Красивое оно. Наволочь низкая его от мороза прикрыла, а в прорехи звезды проглядывают. Яркие. Веселые, как глаза любимой моей.
– Ничего, Любавушка, – прошептал я. – Потерпи, милая. Еще чуток осталось, и увидимся мы.
И причудилось, словно я не в диком лесу, а на башне дозорной. На Детинце отеческом в Коростене. Только звезды Седуни для полного сходства не хватает. Да и я уже давно не послух, и даже не княжич, а так, не поймешь кто…
Вздохнул я снова.
– Слава тебе, Даждьбоже.
Вроде отходить от боя недавнего начал. И только тут почувствовал, что живой я. По-настоящему живой.
Всю ночь мы по лесу блукали. Я уже подумывать начал, что подгудошник нас в чащу завести решил да и бросить там. Понимал я, что такого быть не может, а все одно оторопь меня брала почему-то.
А тут еще Никифор стонет. Мы его к седлу привязали, чтоб по дороге не свалился ненароком. Раскачивает его на конской спине. Тревожит. Так и кажется, что вот-вот помрет послух.
И всю дорогу за нами волки шли. Чуял их Буланый. Фыркал и по сторонам косился испуганно. Видно, не хотели серые добычу отпускать, а может, за товарища своего погибшего отомстить желали. Так что мы все время нового нападения ждали.
Но вскоре опасения мои напраслиной обернулись. Вывел нас калика на весь. И волки отстали.
Знахарка, и верно, искусной была. Быстро нас поправила. У Никифора раны нетяжелыми оказались. Больше от страха, а не от зубов волчьих он пострадал. Поправила его бабка, и плату невеликую за помощь свою попросила. Хвост волчий, что на опояске моей болтался, себе захотела. Подгудошник меня отговаривать стал, мол, платеж работы не стоит. Ну а я не поскупился. Отдал.
Обрадовалась знахарка, хвост с бережением от меня приняла, обмахнулась им и вдруг по-волчьи ощерилась.
– Чую великий страх в нем сидит, – мне шепнула, а потом к христианам повернулась: – Ступайте-ка вы от меня подобру-поздорову, а то велик соблазн силу на вас испробовать. – И в глазах ее огонек злой блеснул.
– Чего это она? – спросил Никифор удивленно, когда мы от знахарки выбрались. – Лечила нас, а теперь выпроваживает.

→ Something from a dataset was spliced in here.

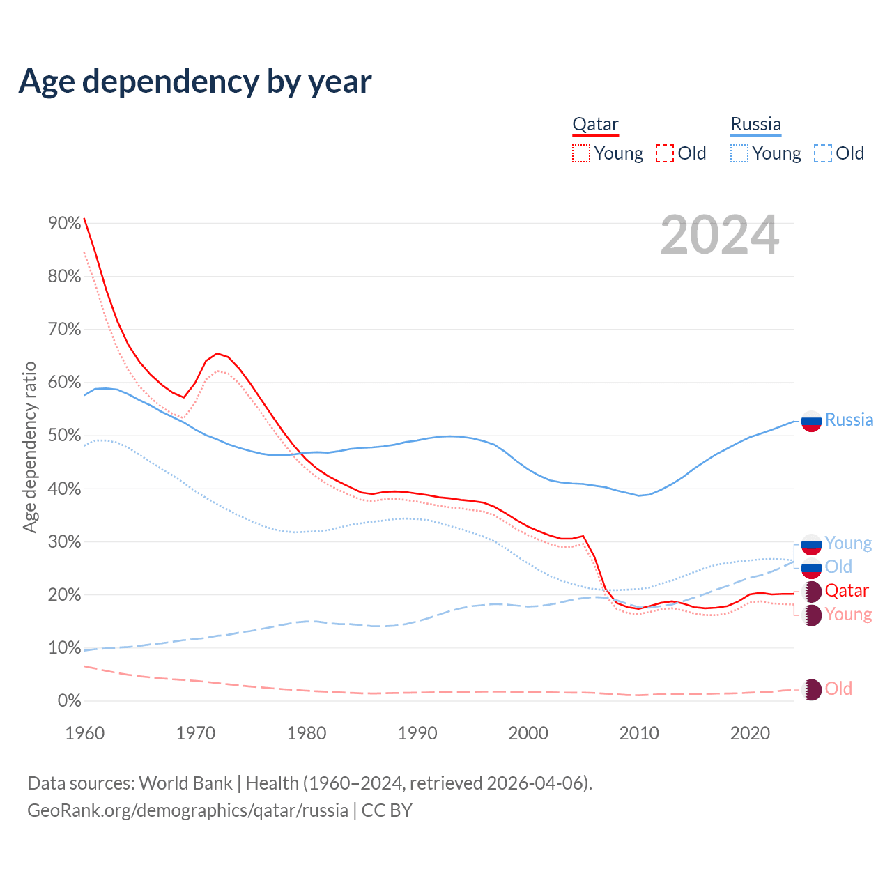 - Qatar is ranked 78/196 by median age (oldest to youngest) vs 42/196 for Russia.

– Тебе легче стало? – взглянул на него подгудошник.
– Легче, – кивнул жердяй.
– Тогда иди и помалкивай…
Прогнала нас знахарка, а охотный люд приветил. Накормили, напоили, одежей исправной поделились охотники. Так что уже через три дня мы смогли дальше отправиться.
И Баян с нами пошел. Они с Григорием о том, что тогда в землянке случилось, больше не вспоминали. Будто и не было ничего.
– Я же сказал, что Переплут его помиловал, – сказал мне как-то на привале Баян. – Четвертого раза не будет. Пусть христианин живет. Значит, судьба у него такая. И не мне ее вершить.
И мне от этого спокойней стало.
Лишь Никифор все время на подгудошника косился. Хоть ему знахарка страх и вылила, однако он с недоверием на калику поглядывал. Словно мог тот о землю удариться да волком безжалостным обернуться.
Потом и послух успокоился. Пообвыкся. Только крестился украдкой порой да Иисуса часто на помощь звал. За это его Григорий не жаловал.
– Говорил я тебе, чтоб Господа всуе не поминал? – строго наседал он на ученика.
– Говорил, – соглашался тот.
– Ну, тогда нагнись.
Сгибал жердяй свою спину, а Григорий ему подзатыльник звонкий отвешивал.
– Спасибо, учитель, за науку, – басил Никифор, и мы дальше двигались.
До самого Любича нас Баян провожал, а как к городу подошли, он прощаться стал. Обнялись они с Григорием.
– Ты прости меня, христианин, – сказал вдруг подгудошник. – Знать, не судьба тебе от моей руки пасть. Только знай, что не жалею о содеянном. Как не жалею о том, что в живых ты остался. Прощай, и пусть дорога твоя светлой будет.
– Господь простит, – ответил христианин. – А я на тебя зла не держу. Всяк свою работу знает и как может, так и делает.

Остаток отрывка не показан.